- Stored data
....

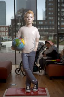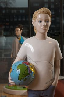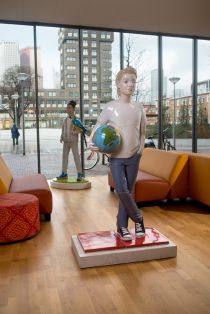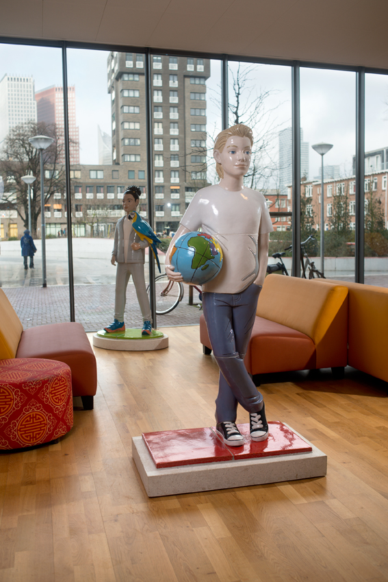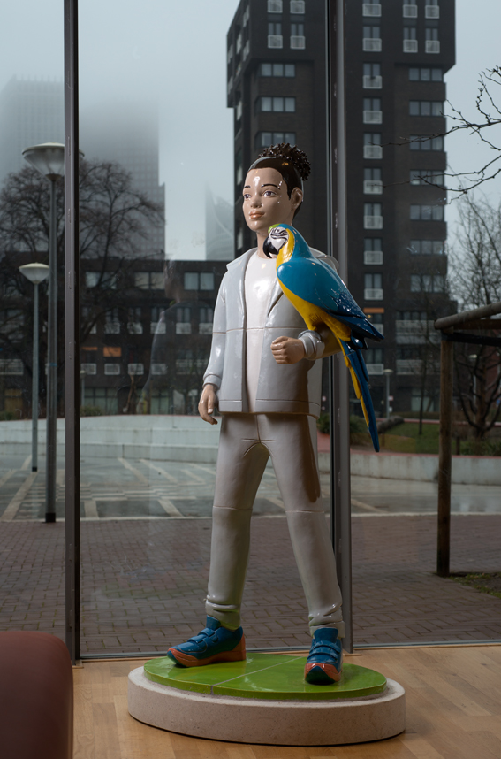 For the entrance hall of the Jan van Nassauschool the artist Berry Holslag made two ceramic sculptures: a boy holding a globe and a girl with a parrot. The parrot is a reference to the relief in the staircase of the old school building (also by Berry Holslag).
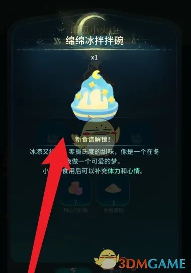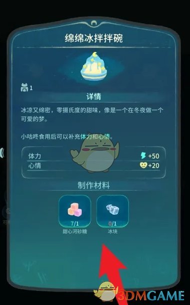 答:前往小南瓜火山,找到绵绵冰拌碗,消耗冰块和砂糖制作即可获得。
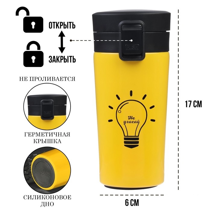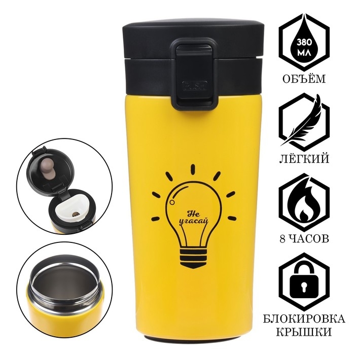 Термокружка, 380 мл, Style "Не угасай", сохраняет тепло 8 ч, с ситечком

....

- Exercise description
Pictures are to be left out; the rest of the listing should be printed exactly.

- Response to this exercise
 For the entrance hall of the Jan van Nassauschool the artist Berry Holslag made two ceramic sculptures: a boy holding a globe and a girl with a parrot. The parrot is a reference to the relief in the staircase of the old school building (also by Berry Holslag).
 答:前往小南瓜火山,找到绵绵冰拌碗,消耗冰块和砂糖制作即可获得。
 Термокружка, 380 мл, Style "Не угасай", сохраняет тепло 8 ч, с ситечком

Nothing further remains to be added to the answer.